Now it can be told: yesterday, I experienced one of the greatest triumphs I have ever known in the short span of my collecting diecast cars.
I found my Holy Grail, the item I had passed up last December only to find it gone the next day. I found the item I had combed seven (or was it eight?) SMs, four Rustan'ses, four Robinsonses and about a dozen hobby stores besides looking for: a Big Time Muscle Shelby Cobra 427 S/C in 1:64, colored silver with two big black stripes down the middle. I found it just after I had given up hope, having spent the weekend looking for it in Fairview, of all places. I found it at Robinson's Galleria, which is right beside my office, which is strange considering I had already looked there without success.
Life is just full of irony. In the end, I didn't even have to go to all those malls and stores all over town (though in the process I made some phenomenal finds; in going back to RAM's I ended up finding a Ferrari F430 Dropstars, which is so hard to find it practically attained the status of Unicorn as far as I was concerned, and it was in the course of my search that I found the red and white Shelby Cobra 427s, so all things considered there were some high points in the search besides its eventual culmination).
This is the joy of collecting; expending time and effort to find something and to finally, finally have that effort pay off. Would I have felt as gratified if I'd found the item somewhere far flung like Dasmarinas, Cavite? I don't really know, and I don't really care. The point is that I paid for it what I wanted to pay for it, and even though there were a lot of other extraneous expenses (gas, fare, parking) involved, these were expenses of the hunt, which, more than just adding another toy to the pile, is what makes collecting truly worthwhile.
It gratifies me now to go back to eBay and see those psychos selling the item for $12.00 or something ridiculous like that. I feel particularly smug when I log onto eBay Philippines and see the schmuck trying to hawk a pair of blue and silver Big Time Muscle Shelbys for P800.00. That's a mark-up of 100% on each car, assuming he divided the price between the two of them. It gratifies me when I see that no one's taken him up on his price so far. It means no one's interested in getting ripped off by some avaricious scalper who probably bought out all of the Shelby Cobras in his general vicinity so he could sell them for a fortune online.

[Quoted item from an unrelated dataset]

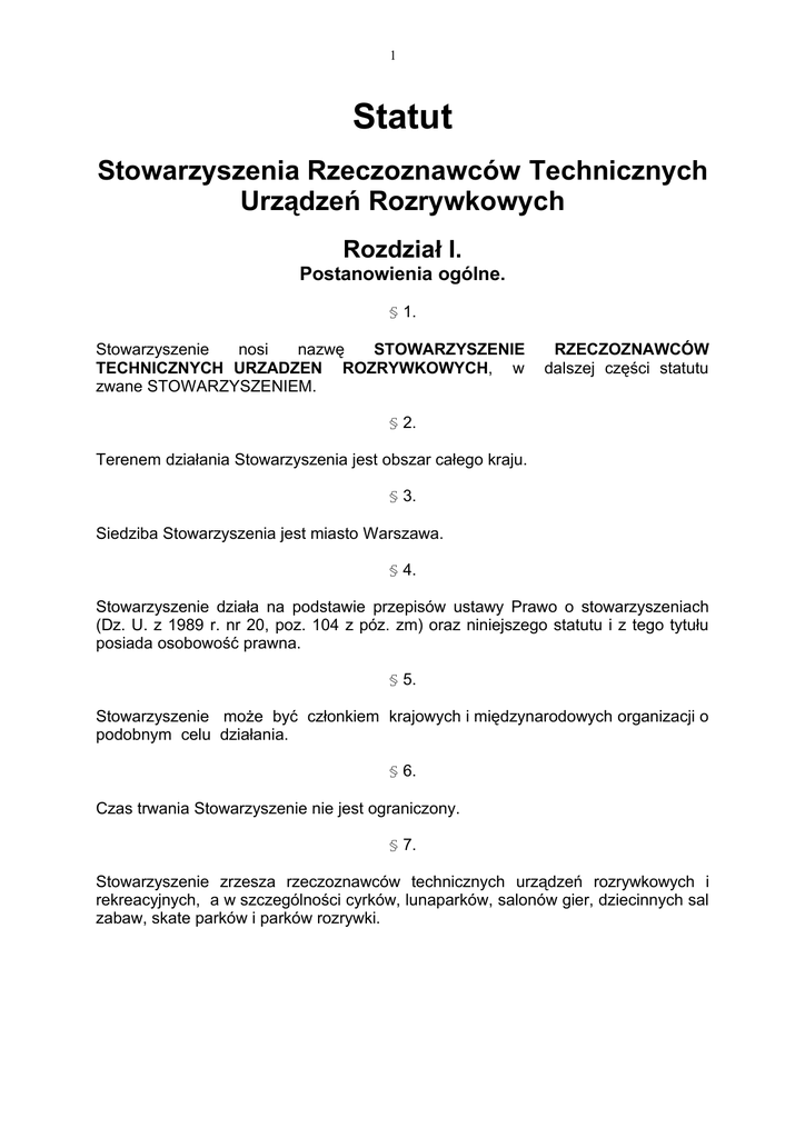 1 Statut Stowarzyszenia Rzeczoznawców Technicznych Urządzeń Rozrywkowych Rozdział I. Postanowienia ogólne. § 1. Stowarzyszenie nosi nazwę STOWARZYSZENIE TECHNICZNYCH URZADZEN ROZRYWKOWYCH, w zwane STOWARZYSZENIEM. RZECZOZNAWCÓW dalszej części statutu § 2. Terenem działania Stowarzyszenia jest obszar całego kraju. § 3. Siedziba Stowarzyszenia jest miasto Warszawa. § 4. Stowarzyszenie działa na podstawie przepisów ustawy Prawo o stowarzyszeniach (Dz. U. z 1989 r. nr 20, poz. 104 z póz. zm) oraz niniejszego statutu i z tego tytułu posiada osobowość prawna. § 5. Stowarzyszenie może być członkiem krajowych i międzynarodowych organizacji o podobnym celu działania. § 6. Czas trwania Stowarzyszenie nie jest ograniczony. § 7. Stowarzyszenie zrzesza rzeczoznawców technicznych urządzeń rozrywkowych i rekreacyjnych, a w szczególności cyrków, lunaparków, salonów gier, dziecinnych sal zabaw, skate parków i parków rozrywki. 2 § 8. Stowarzyszenie zatrudnionych. opiera swoja działalność na pracy członków § 9. 1. Stowarzyszenie używa pieczęci owalnej z napisem „Stowarzyszenie Rzeczoznawców Technicznych Urządzeń Rozrywkowych”. 2. Stowarzyszenie może ustalić godło i odznakę Stowarzyszenia. oraz osób 3 Rozdział II. Cele i formy działania. § 10. Celem Stowarzyszenia jest dążenie do profesjonalnej obsługi technicznych urządzeń rozrywkowych cyrków, lunaparków, salonów gier, dziecinnych sal zabaw, skate parków i parków rozrywki, doskonalenie zawodowe członków Stowarzyszenia, wyrażanie ich dążeń i interesów, czuwanie nad poziomem etycznym rzeczoznawców, krzewienie solidarności zawodowej oraz reprezentowanie potrzeb środowiska rzeczoznawców technicznych urządzeń rozrywkowych wobec władz państwowych, samorządowych, gospodarczych i organizacji społecznych. § 11. 1. Stowarzyszenie realizuje swoje cele w szczególności poprzez: a) przestrzeganie zasad etyki zawodowej i egzekwowanie ich przestrzegania, b) dbanie o wysoki poziom etyczny i kwalifikacje członków Stowarzyszenia, c) inicjowanie badań, rozwiązań i projektów służących polepszeniu bezpieczeństwa użytkowania urządzeń rozrywkowych, będących przedmiotem zainteresowania Stowarzyszenia, d) szkolenie operatorów i właścicieli lunaparków, sal zabaw, skate parków itp., w zakresie bezpieczeństwa eksploatacji technicznych urządzeń rozrywkowych, e) szkolenie i doszkalanie rzeczoznawców technicznych urządzeń rozrywkowych w zakresie obowiązującego prawa w Polsce i Unii Europejskiej, dotyczącego bezpieczeństwa eksploatacji technicznych urządzeń rozrywkowych, f) współprace z zakresie rozwiązań prawnych, technicznych i organizacyjnych dotyczących przedmiotowej działalności Stowarzyszenia z ośrodkami naukowo – technicznymi w kraju i za granica oraz z Urzędem Dozoru Technicznego g) wydawanie materiałów szkoleniowych. Pomoc w tworzeniu niezbędnej dokumentacji technicznej i techniczno-ruchowej oraz innej dokumentacji pomocnej w utrzymaniu wysokiego poziomu bezpieczeństwa użytkowania urządzeń rozrywkowych. h) udzielanie członkom pomocy prawnej i zawodowej, i) roztaczanie opieki merytorycznej nad kandydatami i początkującymi rzeczoznawcami technicznych urządzeń rozrywkowych. 4 Rozdział III. Członkowie, ich prawa i obowiązki. § 12. Członkowie Stowarzyszenia dzieła się na: 1. Członków zwyczajnych, 2. wspierających, 3. honorowych. § 13. Członkiem zwyczajnym – rzeczoznawca stowarzyszenia może być osoba z wyższym wykształceniem technicznym, posiadająca obywatelstwo Rzeczypospolitej Polskiej, posiadająca co najmniej 5 letnia praktykę w zakresie projektowania, odbiorów technicznych lub eksploatacji technicznych urządzeń rozrywkowych, która zadeklaruje chęć przystąpienia i zostanie przyjęta uchwala Zarządu Stowarzyszenia. Kandydat na członka zwyczajnego, uzyskać pisemna rekomendacje dwóch członków zwyczajnych. § 14. Członkiem wspierającym może być osoba fizyczna, popierająca cele i za-dania Stowarzyszenia. Członkiem wspierającym może zostać osoba posiadająca pisemna rekomendacje co najmniej dwóch członków Stowarzyszenia. Członkowie wspierający maja prawo brać udział w pracach Stowarzyszenia z głosem doradczym. Nie posiadają czynnego i biernego prawa wyborczego § 15. Godność członka honorowego nadaje Walne Zebranie Członków osobom wybitnie zasłużonym dla Stowarzyszenia lub za działalność w zakresie teorii lub praktyki dotyczącej bezpieczeństwa eksploatacji technicznych urządzeń rozrywkowych. Kandydat na członka honorowego Stowarzyszenia musi uzyskać pisemna aprobatę co najmniej 5 członków zwyczajnych Stowarzyszenia. Członkowie honorowi Stowarzyszenia maja prawo korzystania z urządzeń, świadczeń, usług i pomocy Stowarzyszenia. Maja prawo wybierać i być wybieranym do władz Stowarzyszenia. § 16. Członek zwyczajny Stowarzyszenia ma obowiązek: 1. Ścisłego przestrzegania statutu, stosowania się do uchwal władz Stowarzyszenia i wprowadzania ich w życie. 2. Brania czynnego udziału w działalności Stowarzyszenia, w tym obowiązkowe jest uczestnictwo w Walnym Zebraniu Członków. 5 3. Wykonywania działalności rzeczoznawcy technicznych urządzeń rozrywkowych na wysokim profesjonalnym poziomie, przestrzegania etyki zawodowej, godnego reprezentowania środowiska rzeczoznawców technicznych urządzeń rozrywkowych. 4. Brać udział w szkoleniach, oraz służyć pomocą fachowa kandydatom na rzeczoznawców technicznych urządzeń rozrywkowych. § 17. Utratę członkostwa zwyczajnego następuje poprzez: a) rezygnacje zgłoszona na piśmie zarządowi Stowarzyszenia, b) skreślenie z listy członków z powodu nie uiszczenia składek przez okres kolejnych 6 miesięcy, po uprzednim zawiadomieniu z ostrzeżeniem, c) skreślenie z listy członków z powodu nieusprawiedliwionej nieobecności na dwóch kolejnych Walnych Zebraniach Członków, d) wykluczenie orzeczeniem Sądu

For people like this I have two words: fuck you. You greedy bastards give collectors a bad name and should be ashamed of yourselves for trying to take advantage of people trying to pursue their hobby, especially by posting hype like "Very Hard to Find." It's not the price you put on the cars that pisses me off; hell, I shelled out P500 the other day for the F430 I was fairly sure I wouldn't be able to find anywhere else, even online. It's that you thought you could get away with doubling the price of cars that you probably got at P200.00 each. In my search I probably spent easily more than the price you were asking for just looking for those cars, but at least I didn't hand the money over to you, thereby rewarding your speculation.
I know that's the way the world works: he who has rare items can jack up the price all he wants, but these people are just like those assholes who charge an arm and a leg for those crappy 1:64 Hot Wheels Ferraris, with one crucial difference: their product is still on the market at its original price. There are still Shelby 427 S/Cs in SM malls scattered throughout not just Metro Manila but the whole country, and while they're out there, nobody is going to pay such a ludicrous price (which is just a STARTING BID). So unless this guy is willing to go to far-flung places like Batangas or Pampanga, or hell, even Baguio, just to make sure these items are really out of stock, he shouldn't try to pull a fast one on people. Heck, I know for a fact that there are actual collectors (not scalpers) who have some extra Cobras in their larder who are willing to unload them for a lot and I mean a LOT less. They know that the collector community can be a very pleasant one and shouldn't be trying to cut each other's throats with ridiculous prices.
THIS is the greatest victory a collector can aspire for: to find exactly what he's looking for and pay exactly what he wants to pay for it.